Victor Tardieu (1870-1937) reçoit le Prix d’Indochine en 1920. Le prix s’accompagne d’une bourse qui lui permet de séjourner en Indochine. Sur place, il reçoit la commande d’un grand décor pour l’amphithéâtre de l’université de Hanoï qui le conduit à prolonger son séjour. Il rencontre alors Nam Sơn (1890–1973) et ensemble, ils s’attellent à créer une véritable école supérieure dédiée à l’enseignement des Beaux-Arts, sur le modèle de l’école des Beaux-Arts de Paris. L’enseignement mêle les principes académiques du dessin, de la perspective, du modelage, de la composition, selon les codes occidentaux, et une ouverture sur les techniques extrême-orientales comme la peinture sur soie et la laque. Victor Tardieu veut permettre à ses élèves de créer un style nouveau, synthétisant l’apport français et l’apport local.
Ce nouveau style indochinois, né en contexte colonial, sera le creuset de l’émergence de la figure de l’artiste, individu libre dans sa création et ses idées. Les professeurs de l’École des Beaux Arts de l’Indochine (EBAI) sont les lauréats du Prix d’Indochine, nommés pour un an à Hanoï. L’enseignement s’articule sur un cycle de trois ans, puis de cinq ans et, après la section peinture, s’ouvrent la sculpture, les arts décoratifs et l’architecture. Les élèves travaillent en atelier le matin et suivent des cours théoriques l’après-midi. Tardieu impose l’étude de l’histoire de l’art occidental durant la première année et l’histoire de l’art d’Extrême-Orient pour les deux suivantes.
Joseph Inguimberty (1896-1971), professeur moins académique que Tardieu, encouragea ses étudiants à expérimenter la peinture sur laque. Suite à son enseignement, des artistes comme Trần Văn Cẩn (1910-1994) ou Nguyễn Gia Trí (1908-1993), tous deux diplômés de l’EBAI, deviennent des artistes reconnus et ce dernier, en particulier, rechercha les mêmes effets que ceux obtenus avec la peinture à l’huile.

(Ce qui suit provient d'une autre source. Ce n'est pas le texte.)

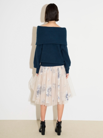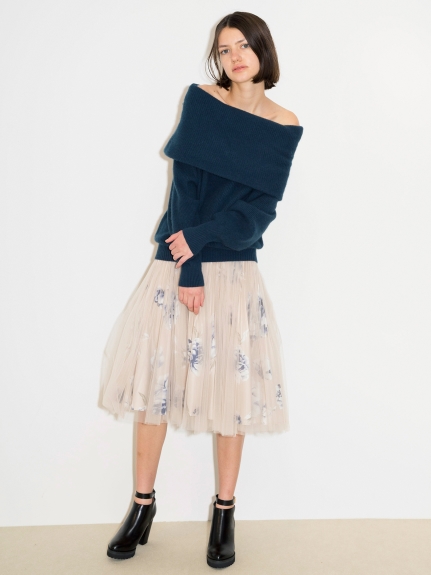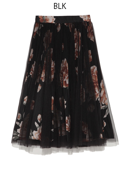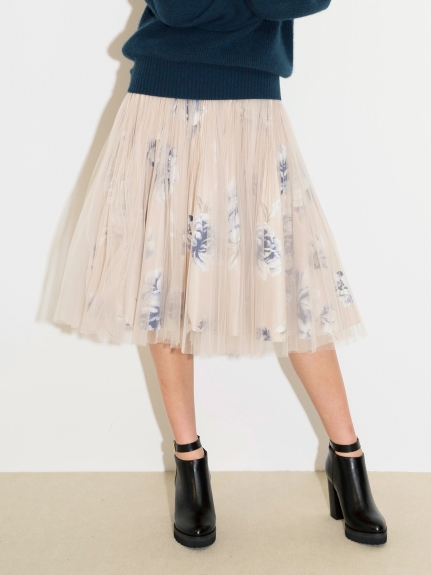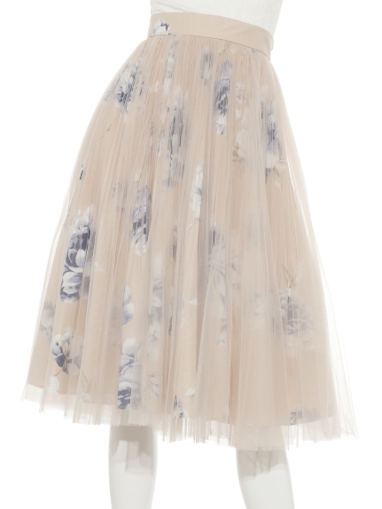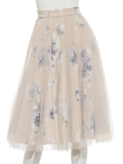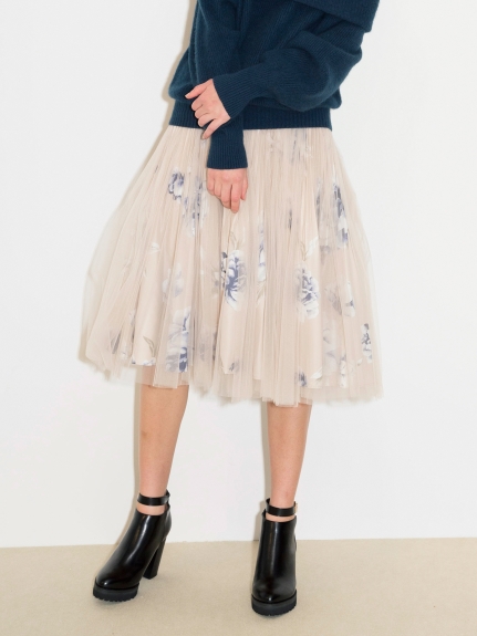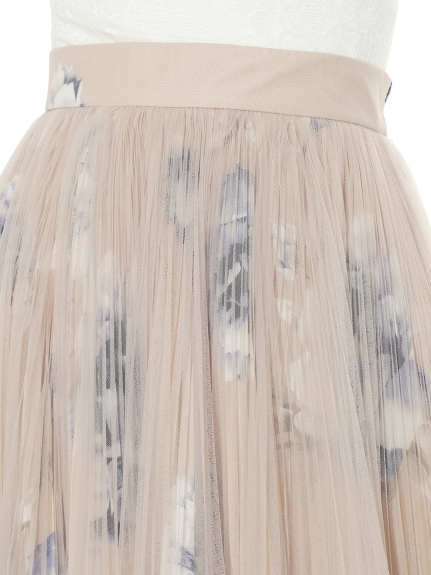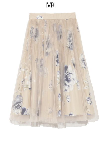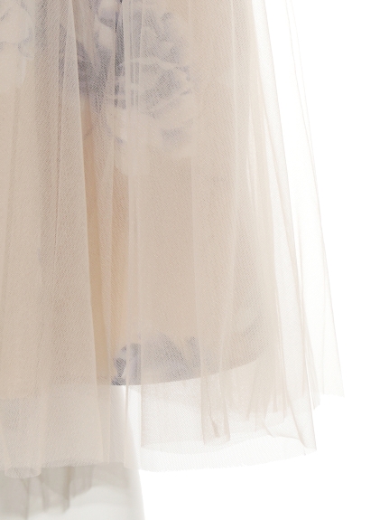 繊細なフラワープリントの素材に、上品なチュールを重ねた贅沢な仕上がり。

Lê Phổ (1907-2001), Vũ Cao Đàm (1908-2000) et Mai Trung Thứ (1906-1980), tous trois diplômés de la première et seconde promotion de «l’École des Beaux-Arts de l’Indochine» de Hanoï, décident de quitter le Vietnam en 1937, à l’occasion de l’Exposition Universelle de Paris et poursuivent une carrière internationale.
Évariste Jonchère (1892-1956) est nommé directeur de l’EBAI en 1938. Son action au sein de l’école crée une symbiose entre l’art occidental et ses techniques et celui de l’Extrême-Orient. Sous son impulsion la Coopérative des Artistes Indochinois est créée, en 1938, par un groupement d’anciens élèves de l’EBAI pour développer les arts populaires en Indochine. La Coopérative organise des expositions aussi bien au Vietnam qu’à l’étranger. Le gouvernement colonial, n’étant pas en reste, organise aussi des expositions en 1940 et 1943.

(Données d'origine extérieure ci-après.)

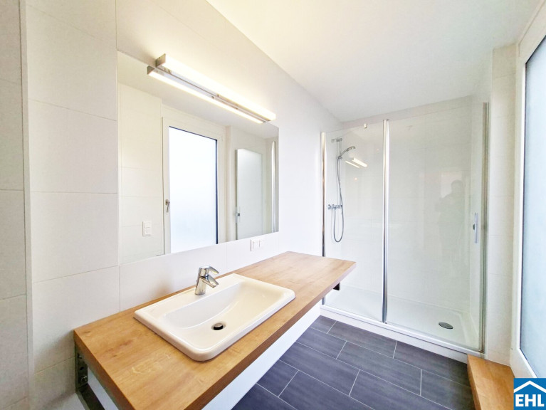- Badezimmer mit Dusche, WC, Waschmaschinenanschluss

Après le bombardement de Hanoï en 1943 par les américains, l’EBAI déménage sur trois sites différents et, à partir de 1945, le programme est allégé. Le 2 septembre 1945, la République Démocratique du Viêtnam est proclamée par Hồ Chí Minh et, le 8 octobre de la même année, l’École des Beaux-Arts de la Résistance remplace l’EBAI. Après la défaite de Điện Biên Phủ, en 1954, l’École Supérieure des Beaux-Arts de Hanoï propose un cursus de deux ou trois ans qui passe à sept ans à partir de 1960 et Trần Văn Cẩn en devient le directeur.
En 1946, lors du déplacement de l’école d’art dans les collines de Việt Bắc, siège du gouvernement révolutionnaire, Hồ Chí Minh déclarait que «l’art tel qu’il est vu par les Français est mort en 1945 et renaît en 1946».
Il n’en demeure pas moins que l’héritage des artistes vietnamien est bien celui qui mêle tradition et modernisme, techniques ancestrales et contemporaines, Orient et Occident.